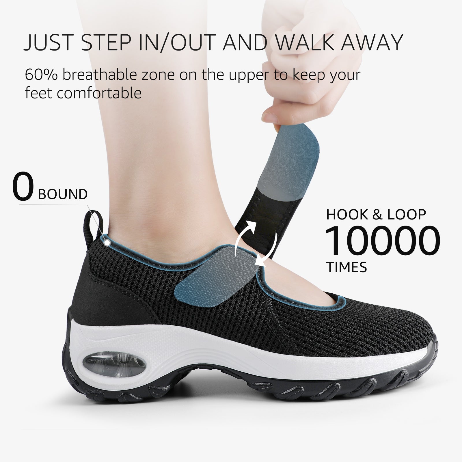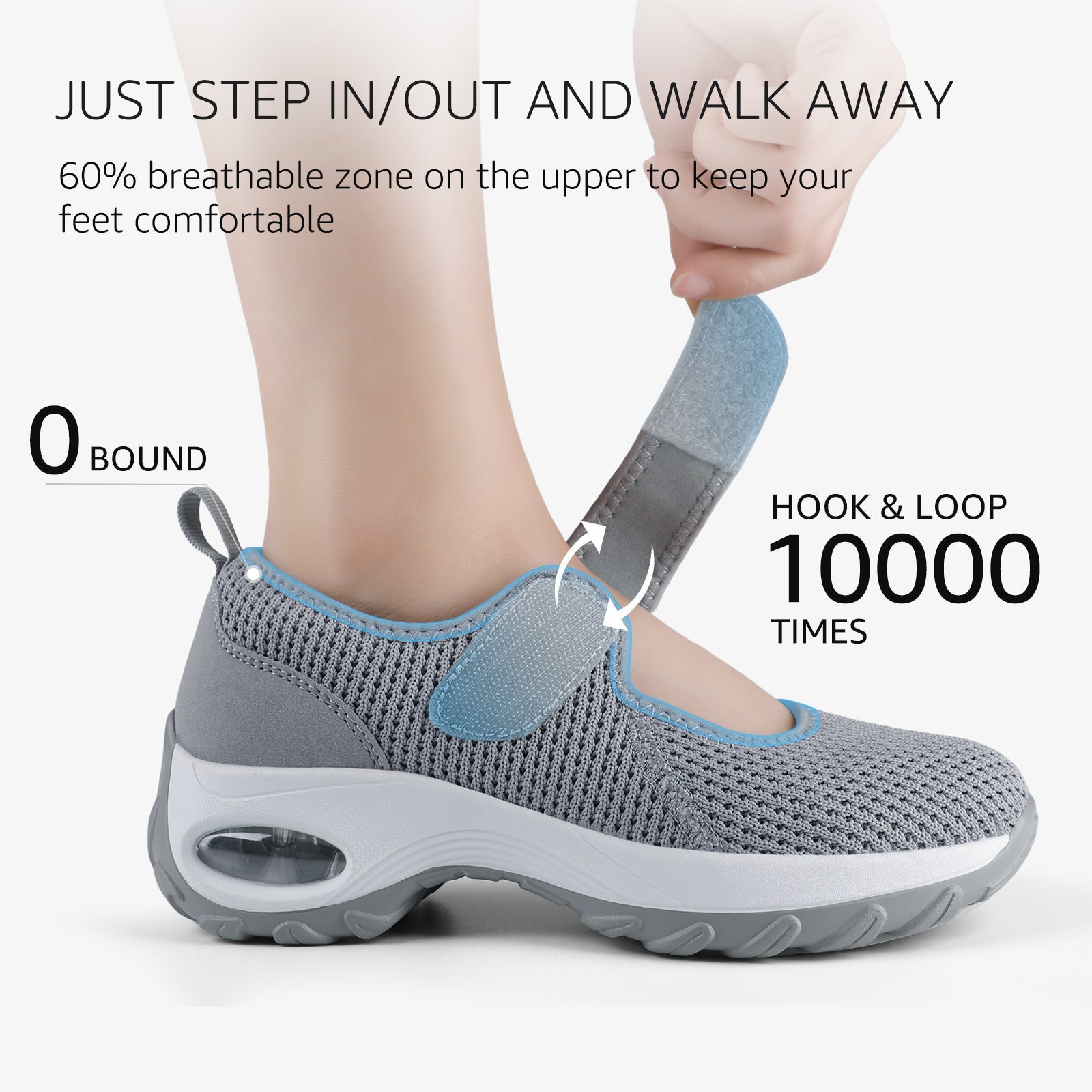 STQ Womens Walking Shoes Non Slip Orthopedic Shoes Adjustable Mary Jane Shoes
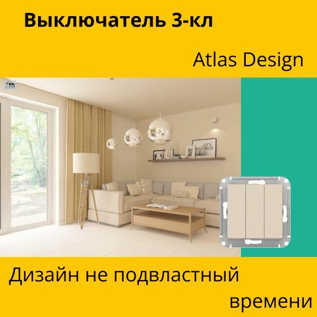 Выключатель трехклавишный AtlasDesign сх.1+1+1, 10АХ, Бежевый, ATN000231 1шт
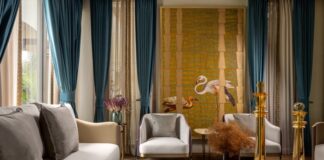 Azure Interiors Crafts Luxe Living Area with Gleaming Details
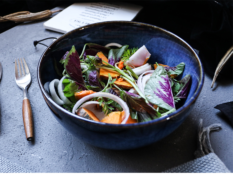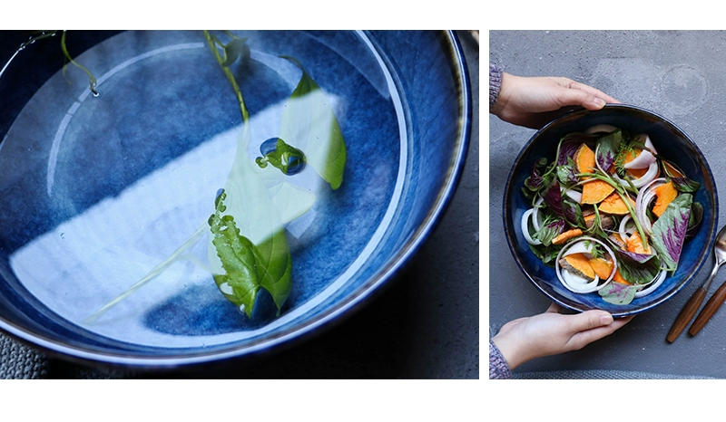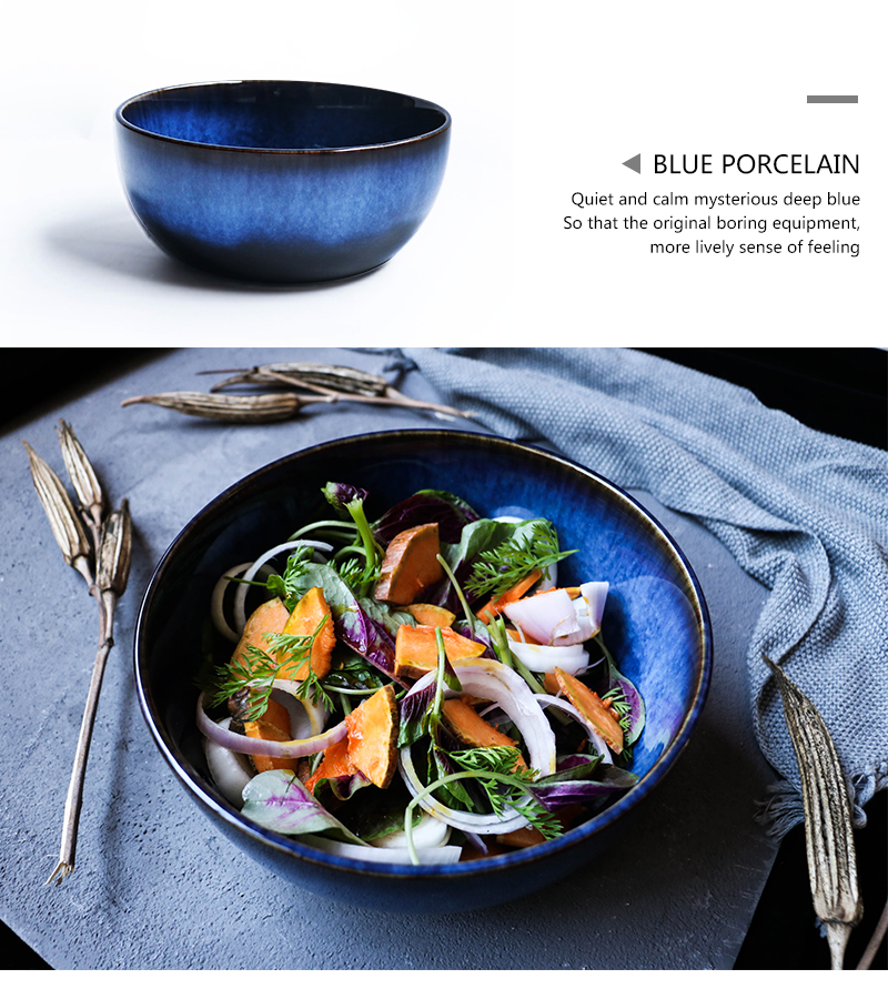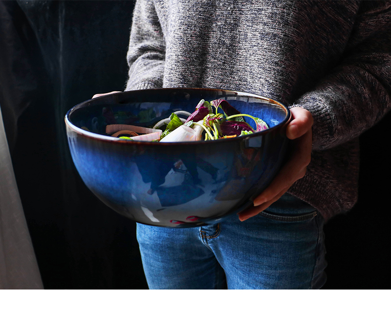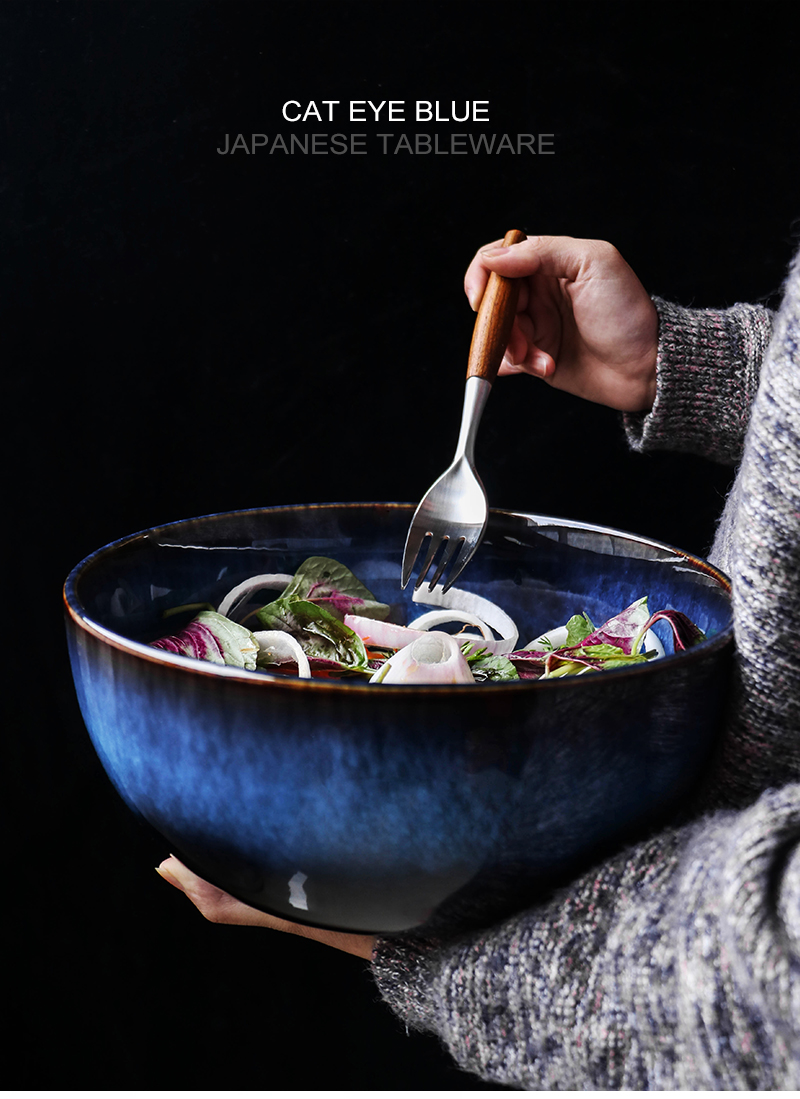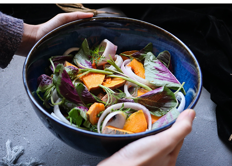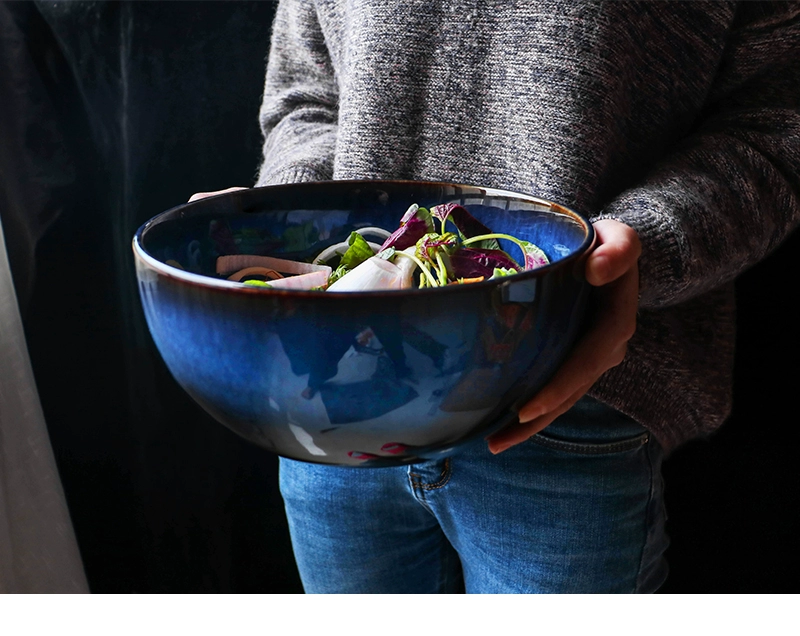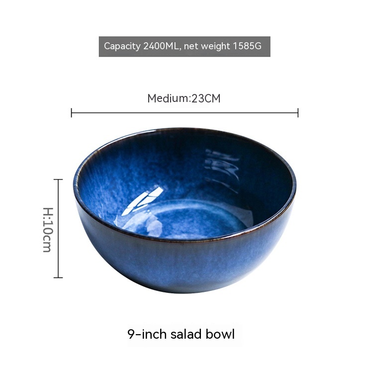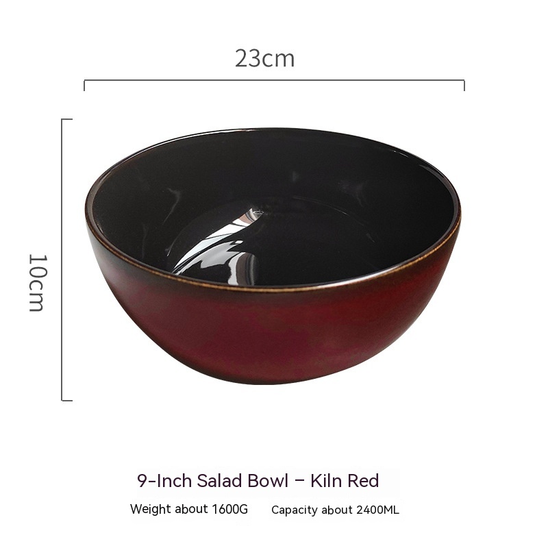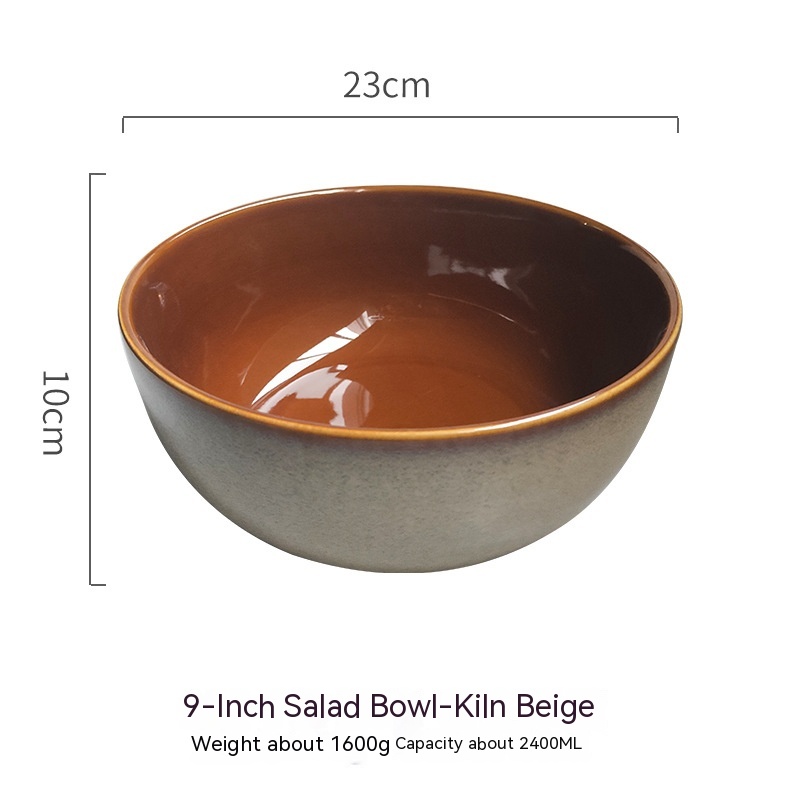 Color: 9-inch salad bowl-Cat's Eye Blue, 9-inch salad bowl-Kiln baked beige, 9-inch salad bowl-Kiln baked brown gray, 9-inch salad bowl-Kiln baked red
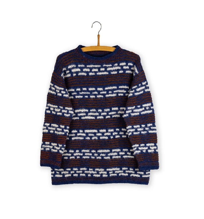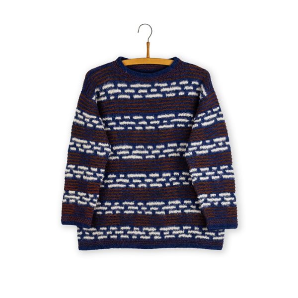 The pullover is worked from the bottom to the top with 5 cm wide strips alternately in shadow knitting and in a “cloud” pattern as done in the swatch.
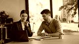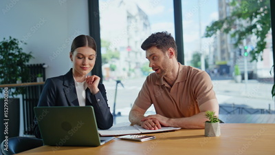 Woman explaining insurance contract to smiling man client showing laptop closeup
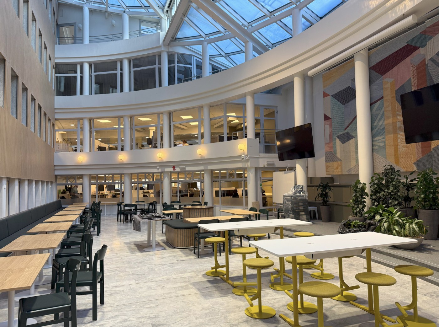 Norconsult har ett starkt fokus på hållbarhet och miljö, vilket har genomsyrat lokalanpassningen och inredningen. Bland annat har så gott som alla möbler återbrukats från det gamla kontoret.
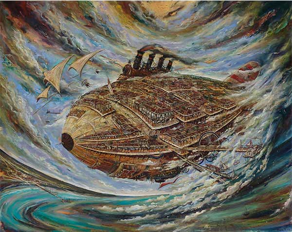 Entre las sensaciones que embargan al espectador, hay una que sobresale y es que al mirar sus cuadros uno sabe que el Tiempo se ha detenido allí, un proceso que no va al paso con la contemporaneidad que es tan agitada, siempre en movimiento. Es como si no pasara -¡aparentemente!- reafirma el creador, porque detrás todo gira, se agita. Solo hay que ver el viento que a tropel cruza por los lienzos envueltos en esas gamas de colores tan personal que lo identifica siempre: fríos y cálidos que se complementan y fluyen desde el centro hacia fuera del «semicírculo», y ese aire de tormenta que le recuerda aquellos ciclones que batían sin cesar las indefensas costas del puerto del surgidero de Batabanó que nunca lo abandona. Precisamente, para no olvidar pinta y construye desde sus telas los recuerdos de lo que fue. Es su Macondo (real) «no muy surrealista» como el mismo infiere; más bien literatura pintada que roza el surrealismo. Cual arquitecto, Vicente Hernández delinea las calles de su pueblo natal en medio de ¿La Habana? u otra ciudad que puede llegar inventada o enriquecida por otras construcciones «extrañas» llegadas de otra latitud que puede ser también la mental.
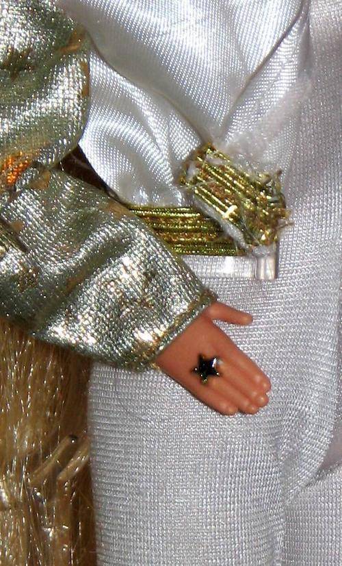 shoes & earrings. However, she is still wearing her star ring. She has extra long, shiny blonde hair, blue eyes

----

** Instructions to follow **
The output must be every line of the records, printed exactly, with the pictures omitted.

** The answer **
 STQ Womens Walking Shoes Non Slip Orthopedic Shoes Adjustable Mary Jane Shoes
 Выключатель трехклавишный AtlasDesign сх.1+1+1, 10АХ, Бежевый, ATN000231 1шт
 Azure Interiors Crafts Luxe Living Area with Gleaming Details
 Color: 9-inch salad bowl-Cat's Eye Blue, 9-inch salad bowl-Kiln baked beige, 9-inch salad bowl-Kiln baked brown gray, 9-inch salad bowl-Kiln baked red
 The pullover is worked from the bottom to the top with 5 cm wide strips alternately in shadow knitting and in a “cloud” pattern as done in the swatch.
 Woman explaining insurance contract to smiling man client showing laptop closeup
 Norconsult har ett starkt fokus på hållbarhet och miljö, vilket har genomsyrat lokalanpassningen och inredningen. Bland annat har så gott som alla möbler återbrukats från det gamla kontoret.
 Entre las sensaciones que embargan al espectador, hay una que sobresale y es que al mirar sus cuadros uno sabe que el Tiempo se ha detenido allí, un proceso que no va al paso con la contemporaneidad que es tan agitada, siempre en movimiento. Es como si no pasara -¡aparentemente!- reafirma el creador, porque detrás todo gira, se agita. Solo hay que ver el viento que a tropel cruza por los lienzos envueltos en esas gamas de colores tan personal que lo identifica siempre: fríos y cálidos que se complementan y fluyen desde el centro hacia fuera del «semicírculo», y ese aire de tormenta que le recuerda aquellos ciclones que batían sin cesar las indefensas costas del puerto del surgidero de Batabanó que nunca lo abandona. Precisamente, para no olvidar pinta y construye desde sus telas los recuerdos de lo que fue. Es su Macondo (real) «no muy surrealista» como el mismo infiere; más bien literatura pintada que roza el surrealismo. Cual arquitecto, Vicente Hernández delinea las calles de su pueblo natal en medio de ¿La Habana? u otra ciudad que puede llegar inventada o enriquecida por otras construcciones «extrañas» llegadas de otra latitud que puede ser también la mental.
 shoes & earrings. However, she is still wearing her star ring. She has extra long, shiny blonde hair, blue eyes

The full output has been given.